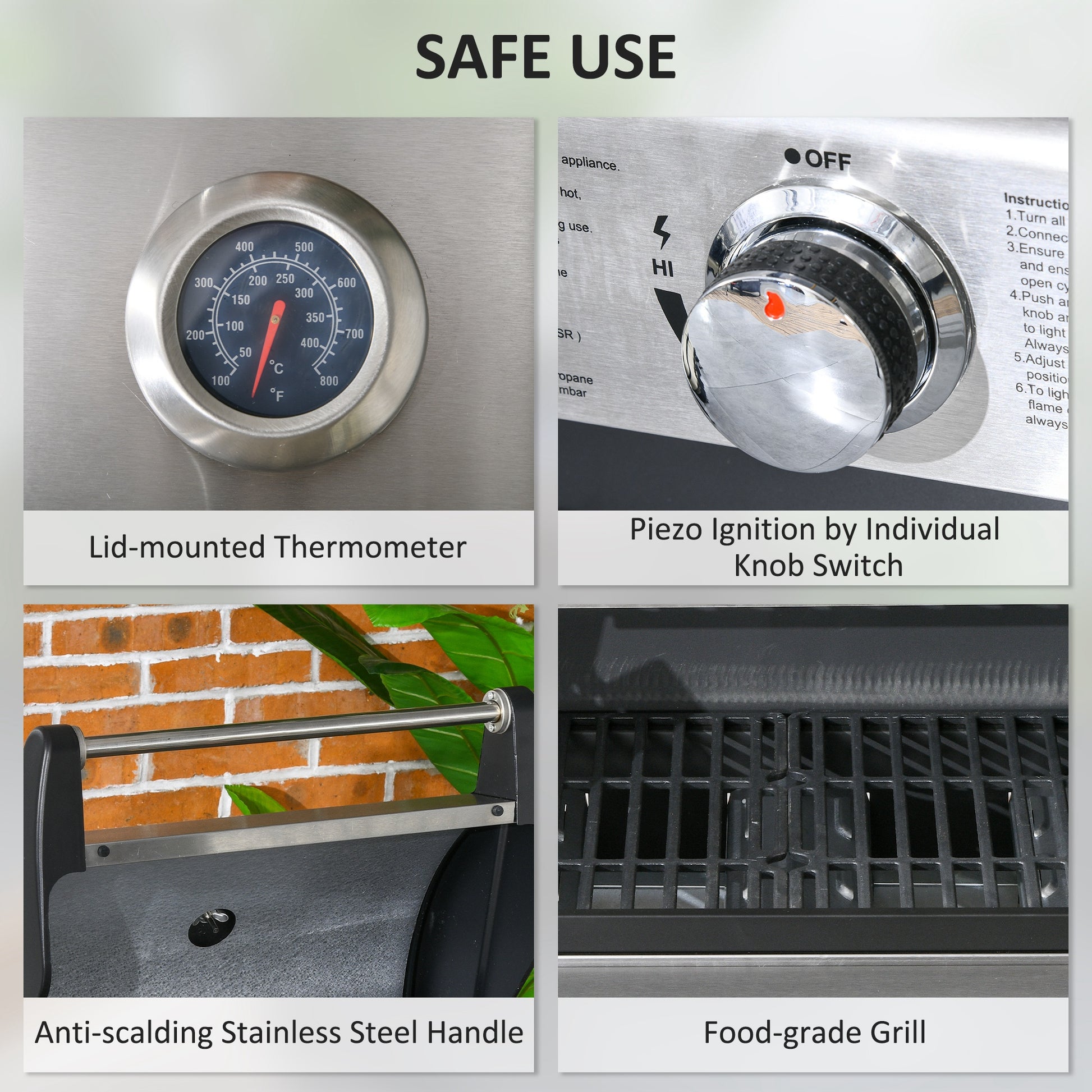 Outsunny Gas Barbecue Grill 3+1 Burner Garden Smoker BBQ Trolley w/ Side Burner Warming Rack Side Shelves Storage Cabinet Piezo Ignition Thermometer Stainless Steel + Metal
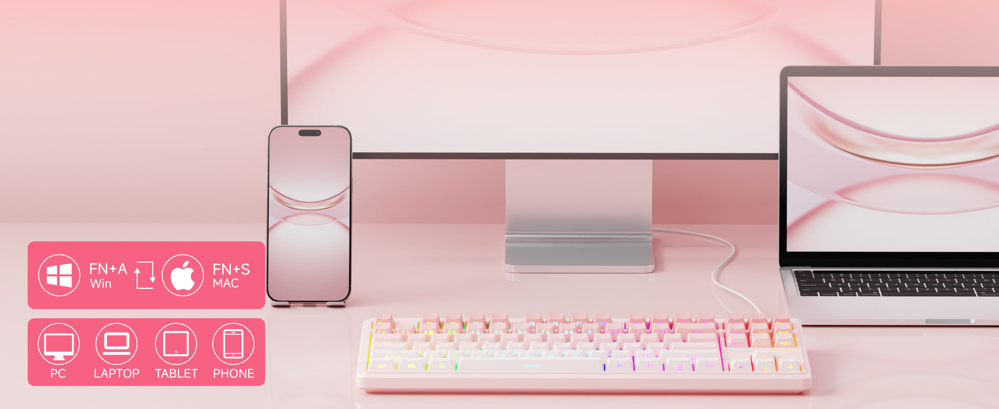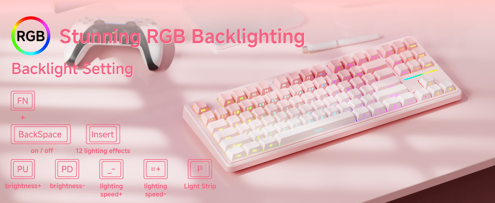 FN Shortcuts: Access lighting controls, backlight brightness, and key functions with convenient FN shortcuts.
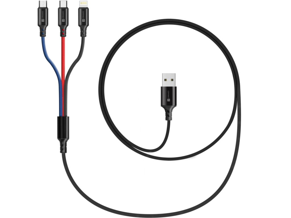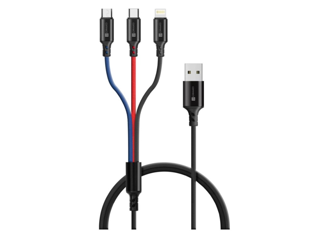 Connect IT Wirez Datový kabel 3v1, USB-C & Micro USB & Lightning, 1,2 m – černá
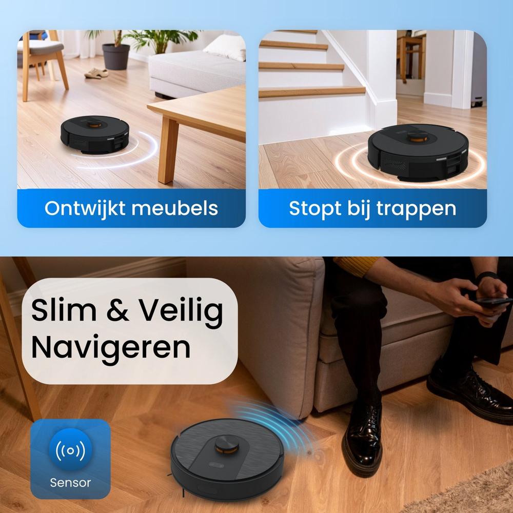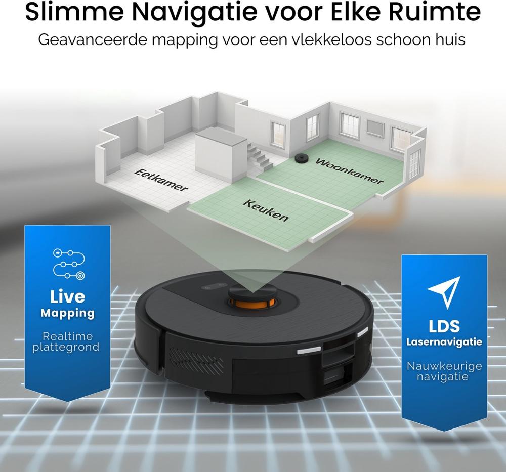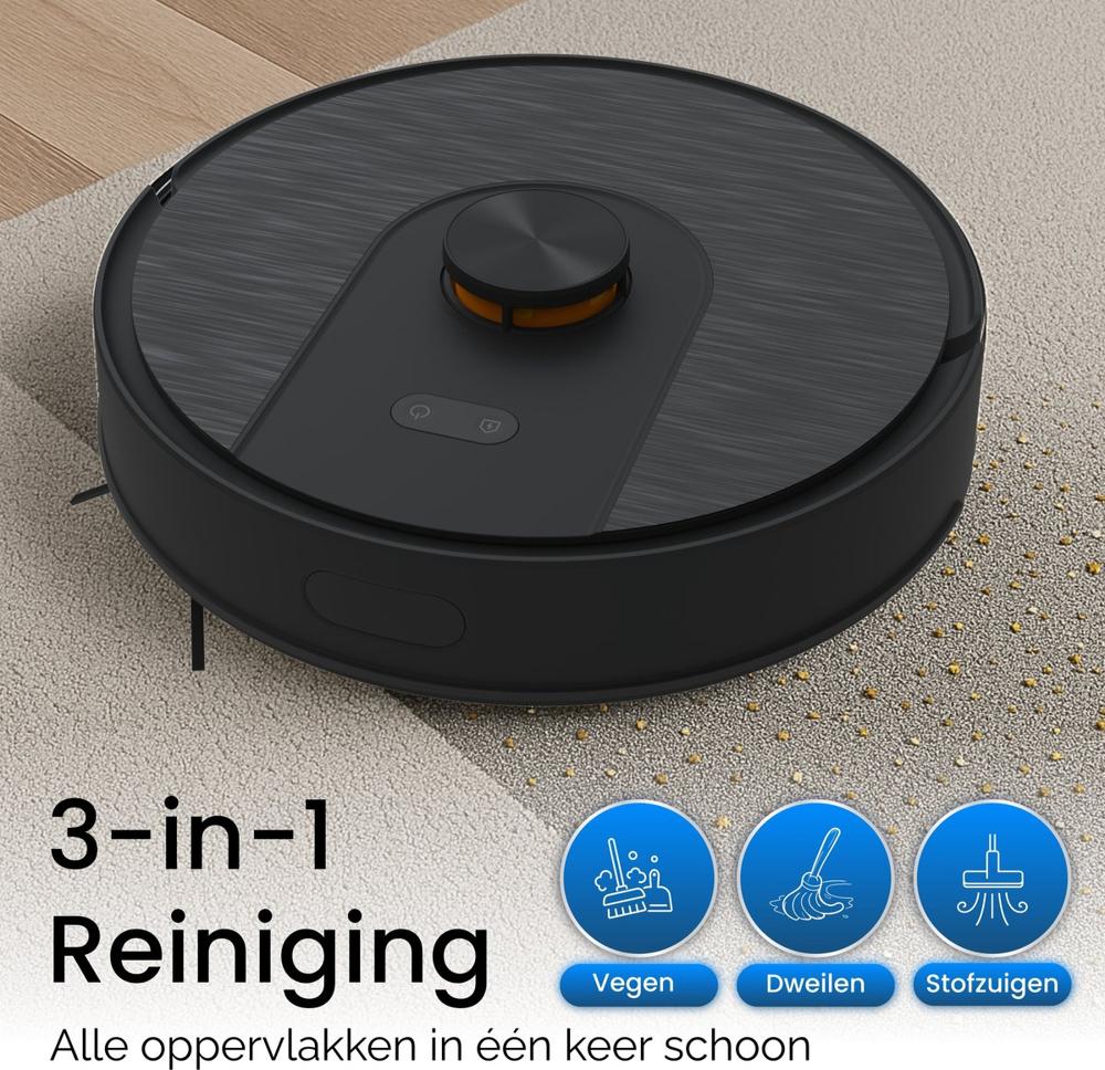 | Belangrijk voor jouw situatie? | Maakt hoekjes schoon, Kan over drempels (2 cm), Loopt niet vast op kabels, Vuildetectie, Afgronddetectie, Voice control, Geschikt voor huisdierharen, Tijdschema instellen, Automatisch opladen en hervatten, Bediening via app |
----------
◆ **Task details**
Would you write out exactly the lines of the data from the one holding "FN Shortcuts: Access" to the final line, both included, with pictures left out?

◆ **Problem solution**
 FN Shortcuts: Access lighting controls, backlight brightness, and key functions with convenient FN shortcuts.
 Connect IT Wirez Datový kabel 3v1, USB-C & Micro USB & Lightning, 1,2 m – černá
 | Belangrijk voor jouw situatie? | Maakt hoekjes schoon, Kan over drempels (2 cm), Loopt niet vast op kabels, Vuildetectie, Afgronddetectie, Voice control, Geschikt voor huisdierharen, Tijdschema instellen, Automatisch opladen en hervatten, Bediening via app |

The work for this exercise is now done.